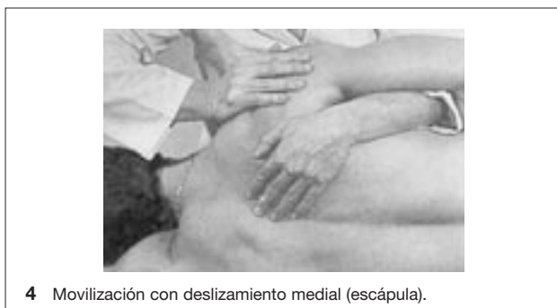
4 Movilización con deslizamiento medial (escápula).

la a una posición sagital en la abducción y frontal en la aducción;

--

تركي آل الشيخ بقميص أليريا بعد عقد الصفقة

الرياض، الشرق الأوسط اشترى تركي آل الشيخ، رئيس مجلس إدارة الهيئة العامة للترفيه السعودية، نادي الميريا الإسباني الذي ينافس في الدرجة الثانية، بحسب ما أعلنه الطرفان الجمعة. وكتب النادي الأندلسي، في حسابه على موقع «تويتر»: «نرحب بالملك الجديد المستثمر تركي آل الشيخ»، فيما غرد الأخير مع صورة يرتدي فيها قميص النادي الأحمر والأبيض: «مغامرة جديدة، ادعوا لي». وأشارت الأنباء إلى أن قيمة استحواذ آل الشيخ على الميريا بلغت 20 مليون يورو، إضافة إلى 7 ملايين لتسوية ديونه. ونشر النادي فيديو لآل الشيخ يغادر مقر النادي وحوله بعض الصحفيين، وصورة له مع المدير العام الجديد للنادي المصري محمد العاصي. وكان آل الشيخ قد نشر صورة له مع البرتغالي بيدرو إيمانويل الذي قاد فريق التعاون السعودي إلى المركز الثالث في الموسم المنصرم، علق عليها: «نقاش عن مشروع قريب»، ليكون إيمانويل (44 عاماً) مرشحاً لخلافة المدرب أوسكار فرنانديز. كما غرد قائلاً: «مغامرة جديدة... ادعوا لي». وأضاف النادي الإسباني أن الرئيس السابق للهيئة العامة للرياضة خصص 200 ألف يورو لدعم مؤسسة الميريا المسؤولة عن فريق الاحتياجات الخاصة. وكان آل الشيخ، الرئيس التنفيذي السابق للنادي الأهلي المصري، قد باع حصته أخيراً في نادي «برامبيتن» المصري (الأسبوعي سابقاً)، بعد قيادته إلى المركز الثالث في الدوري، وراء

YOUR OBJECTIVE:
Repeat exactly the lines above from the one with "4 Movilización con" up to and including the one with "la a una posición". No other line belongs in the reply.

FINISHED EXERCISE:
4 Movilización con deslizamiento medial (escápula).

la a una posición sagital en la abducción y frontal en la aducción;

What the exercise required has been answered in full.